▶ **Entries provided**
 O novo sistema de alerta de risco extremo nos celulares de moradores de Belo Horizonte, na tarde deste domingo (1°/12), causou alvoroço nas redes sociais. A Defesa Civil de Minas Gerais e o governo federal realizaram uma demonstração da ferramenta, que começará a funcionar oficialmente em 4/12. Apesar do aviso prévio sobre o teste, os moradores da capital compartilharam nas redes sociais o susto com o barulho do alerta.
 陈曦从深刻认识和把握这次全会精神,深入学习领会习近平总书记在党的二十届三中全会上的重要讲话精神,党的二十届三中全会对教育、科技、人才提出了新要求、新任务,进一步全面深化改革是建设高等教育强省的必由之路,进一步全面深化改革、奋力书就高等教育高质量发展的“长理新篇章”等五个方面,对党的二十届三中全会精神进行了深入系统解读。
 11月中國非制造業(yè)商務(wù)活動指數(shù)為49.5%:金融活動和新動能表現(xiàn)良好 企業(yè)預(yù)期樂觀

---

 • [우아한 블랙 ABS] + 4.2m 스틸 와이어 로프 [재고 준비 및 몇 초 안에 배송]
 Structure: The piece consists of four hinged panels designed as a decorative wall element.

* * *

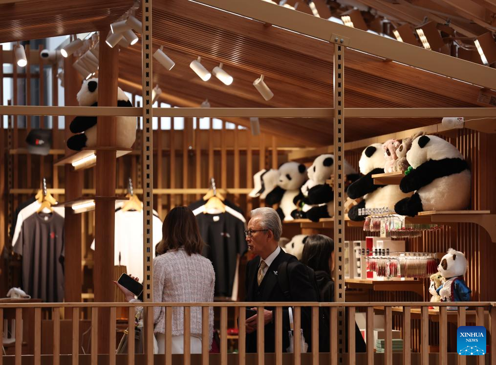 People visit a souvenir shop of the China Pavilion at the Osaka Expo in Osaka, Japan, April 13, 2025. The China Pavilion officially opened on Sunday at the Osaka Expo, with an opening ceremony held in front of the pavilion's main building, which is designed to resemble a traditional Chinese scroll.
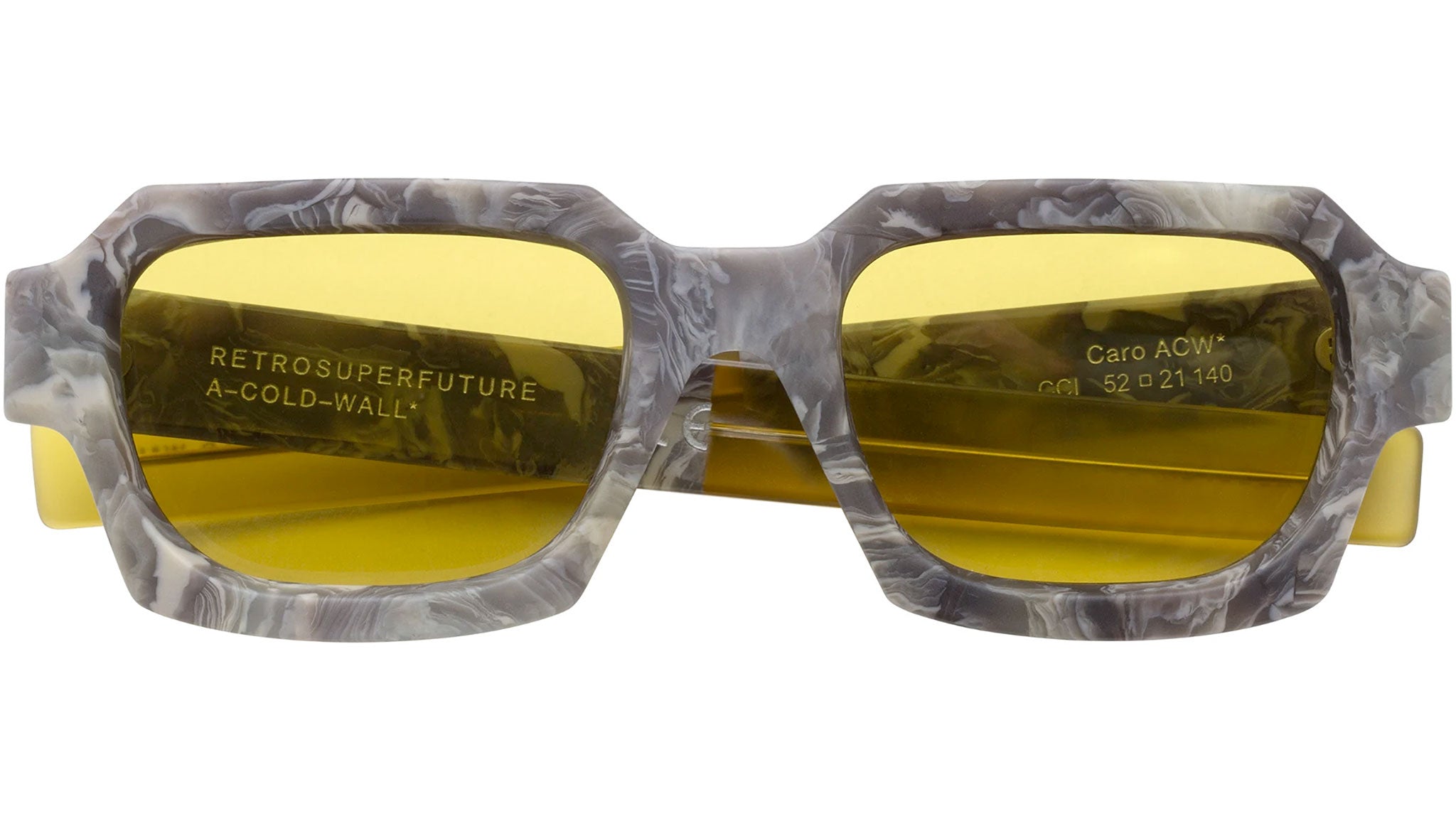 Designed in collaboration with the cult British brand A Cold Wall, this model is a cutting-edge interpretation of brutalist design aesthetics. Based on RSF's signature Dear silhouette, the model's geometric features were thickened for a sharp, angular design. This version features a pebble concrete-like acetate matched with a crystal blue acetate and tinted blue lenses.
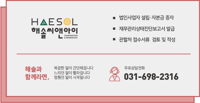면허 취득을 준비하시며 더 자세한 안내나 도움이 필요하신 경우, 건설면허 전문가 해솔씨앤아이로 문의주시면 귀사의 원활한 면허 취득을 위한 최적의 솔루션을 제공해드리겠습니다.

▶ **Problem description**
Look in the material above for the line with "O novo sistema" and the line with "11月中國非制造業(yè)商", and transcribe exactly those lines and all lines between them, nothing more.

▶ **Task answer**
 O novo sistema de alerta de risco extremo nos celulares de moradores de Belo Horizonte, na tarde deste domingo (1°/12), causou alvoroço nas redes sociais. A Defesa Civil de Minas Gerais e o governo federal realizaram uma demonstração da ferramenta, que começará a funcionar oficialmente em 4/12. Apesar do aviso prévio sobre o teste, os moradores da capital compartilharam nas redes sociais o susto com o barulho do alerta.
 陈曦从深刻认识和把握这次全会精神,深入学习领会习近平总书记在党的二十届三中全会上的重要讲话精神,党的二十届三中全会对教育、科技、人才提出了新要求、新任务,进一步全面深化改革是建设高等教育强省的必由之路,进一步全面深化改革、奋力书就高等教育高质量发展的“长理新篇章”等五个方面,对党的二十届三中全会精神进行了深入系统解读。
 11月中國非制造業(yè)商務(wù)活動指數(shù)為49.5%:金融活動和新動能表現(xiàn)良好 企業(yè)預(yù)期樂觀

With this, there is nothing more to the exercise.